(Exercise material)

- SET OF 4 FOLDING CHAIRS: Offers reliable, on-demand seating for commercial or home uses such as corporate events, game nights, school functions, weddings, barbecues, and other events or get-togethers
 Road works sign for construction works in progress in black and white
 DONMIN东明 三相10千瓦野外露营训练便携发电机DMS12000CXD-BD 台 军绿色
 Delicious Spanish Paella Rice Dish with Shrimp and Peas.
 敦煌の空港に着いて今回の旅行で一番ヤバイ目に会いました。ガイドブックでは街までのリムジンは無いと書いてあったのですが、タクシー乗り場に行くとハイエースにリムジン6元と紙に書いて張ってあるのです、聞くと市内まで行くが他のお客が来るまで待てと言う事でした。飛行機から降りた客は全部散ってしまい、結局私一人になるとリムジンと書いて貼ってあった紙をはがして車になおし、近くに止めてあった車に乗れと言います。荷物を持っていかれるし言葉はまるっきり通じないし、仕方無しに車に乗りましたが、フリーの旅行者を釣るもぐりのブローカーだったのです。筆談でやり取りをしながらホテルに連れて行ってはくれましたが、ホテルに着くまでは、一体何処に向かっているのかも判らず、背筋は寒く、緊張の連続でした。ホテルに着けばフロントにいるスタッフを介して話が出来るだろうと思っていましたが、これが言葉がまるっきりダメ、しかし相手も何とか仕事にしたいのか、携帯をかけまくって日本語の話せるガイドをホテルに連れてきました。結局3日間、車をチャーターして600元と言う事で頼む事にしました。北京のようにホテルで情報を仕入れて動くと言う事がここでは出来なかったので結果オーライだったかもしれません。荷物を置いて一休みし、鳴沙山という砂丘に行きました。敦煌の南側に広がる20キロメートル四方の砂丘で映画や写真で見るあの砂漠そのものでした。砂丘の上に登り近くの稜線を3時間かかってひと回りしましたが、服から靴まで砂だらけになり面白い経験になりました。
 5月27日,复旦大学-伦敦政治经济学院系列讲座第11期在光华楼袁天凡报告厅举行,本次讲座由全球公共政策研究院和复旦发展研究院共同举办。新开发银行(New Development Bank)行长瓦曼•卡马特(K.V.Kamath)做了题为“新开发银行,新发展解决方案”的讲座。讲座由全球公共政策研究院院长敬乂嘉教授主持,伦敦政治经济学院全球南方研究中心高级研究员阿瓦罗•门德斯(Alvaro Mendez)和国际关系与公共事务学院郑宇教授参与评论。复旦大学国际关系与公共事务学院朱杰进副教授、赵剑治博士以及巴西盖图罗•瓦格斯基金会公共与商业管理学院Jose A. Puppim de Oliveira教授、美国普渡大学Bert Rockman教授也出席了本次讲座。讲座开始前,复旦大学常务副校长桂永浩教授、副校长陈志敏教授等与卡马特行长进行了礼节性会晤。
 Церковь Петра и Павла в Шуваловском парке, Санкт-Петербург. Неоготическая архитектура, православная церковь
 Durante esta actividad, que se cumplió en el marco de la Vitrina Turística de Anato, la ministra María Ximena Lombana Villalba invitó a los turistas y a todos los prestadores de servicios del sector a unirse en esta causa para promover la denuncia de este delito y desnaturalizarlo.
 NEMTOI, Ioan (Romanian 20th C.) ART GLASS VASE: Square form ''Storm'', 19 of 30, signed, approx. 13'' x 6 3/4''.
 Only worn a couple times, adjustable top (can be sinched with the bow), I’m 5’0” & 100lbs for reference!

(End Exercise material)

## Directions for this task
Write the whole of the material out again, exactly.

## Written answer
- SET OF 4 FOLDING CHAIRS: Offers reliable, on-demand seating for commercial or home uses such as corporate events, game nights, school functions, weddings, barbecues, and other events or get-togethers
 Road works sign for construction works in progress in black and white
 DONMIN东明 三相10千瓦野外露营训练便携发电机DMS12000CXD-BD 台 军绿色
 Delicious Spanish Paella Rice Dish with Shrimp and Peas.
 敦煌の空港に着いて今回の旅行で一番ヤバイ目に会いました。ガイドブックでは街までのリムジンは無いと書いてあったのですが、タクシー乗り場に行くとハイエースにリムジン6元と紙に書いて張ってあるのです、聞くと市内まで行くが他のお客が来るまで待てと言う事でした。飛行機から降りた客は全部散ってしまい、結局私一人になるとリムジンと書いて貼ってあった紙をはがして車になおし、近くに止めてあった車に乗れと言います。荷物を持っていかれるし言葉はまるっきり通じないし、仕方無しに車に乗りましたが、フリーの旅行者を釣るもぐりのブローカーだったのです。筆談でやり取りをしながらホテルに連れて行ってはくれましたが、ホテルに着くまでは、一体何処に向かっているのかも判らず、背筋は寒く、緊張の連続でした。ホテルに着けばフロントにいるスタッフを介して話が出来るだろうと思っていましたが、これが言葉がまるっきりダメ、しかし相手も何とか仕事にしたいのか、携帯をかけまくって日本語の話せるガイドをホテルに連れてきました。結局3日間、車をチャーターして600元と言う事で頼む事にしました。北京のようにホテルで情報を仕入れて動くと言う事がここでは出来なかったので結果オーライだったかもしれません。荷物を置いて一休みし、鳴沙山という砂丘に行きました。敦煌の南側に広がる20キロメートル四方の砂丘で映画や写真で見るあの砂漠そのものでした。砂丘の上に登り近くの稜線を3時間かかってひと回りしましたが、服から靴まで砂だらけになり面白い経験になりました。
 5月27日,复旦大学-伦敦政治经济学院系列讲座第11期在光华楼袁天凡报告厅举行,本次讲座由全球公共政策研究院和复旦发展研究院共同举办。新开发银行(New Development Bank)行长瓦曼•卡马特(K.V.Kamath)做了题为“新开发银行,新发展解决方案”的讲座。讲座由全球公共政策研究院院长敬乂嘉教授主持,伦敦政治经济学院全球南方研究中心高级研究员阿瓦罗•门德斯(Alvaro Mendez)和国际关系与公共事务学院郑宇教授参与评论。复旦大学国际关系与公共事务学院朱杰进副教授、赵剑治博士以及巴西盖图罗•瓦格斯基金会公共与商业管理学院Jose A. Puppim de Oliveira教授、美国普渡大学Bert Rockman教授也出席了本次讲座。讲座开始前,复旦大学常务副校长桂永浩教授、副校长陈志敏教授等与卡马特行长进行了礼节性会晤。
 Церковь Петра и Павла в Шуваловском парке, Санкт-Петербург. Неоготическая архитектура, православная церковь
 Durante esta actividad, que se cumplió en el marco de la Vitrina Turística de Anato, la ministra María Ximena Lombana Villalba invitó a los turistas y a todos los prestadores de servicios del sector a unirse en esta causa para promover la denuncia de este delito y desnaturalizarlo.
 NEMTOI, Ioan (Romanian 20th C.) ART GLASS VASE: Square form ''Storm'', 19 of 30, signed, approx. 13'' x 6 3/4''.
 Only worn a couple times, adjustable top (can be sinched with the bow), I’m 5’0” & 100lbs for reference!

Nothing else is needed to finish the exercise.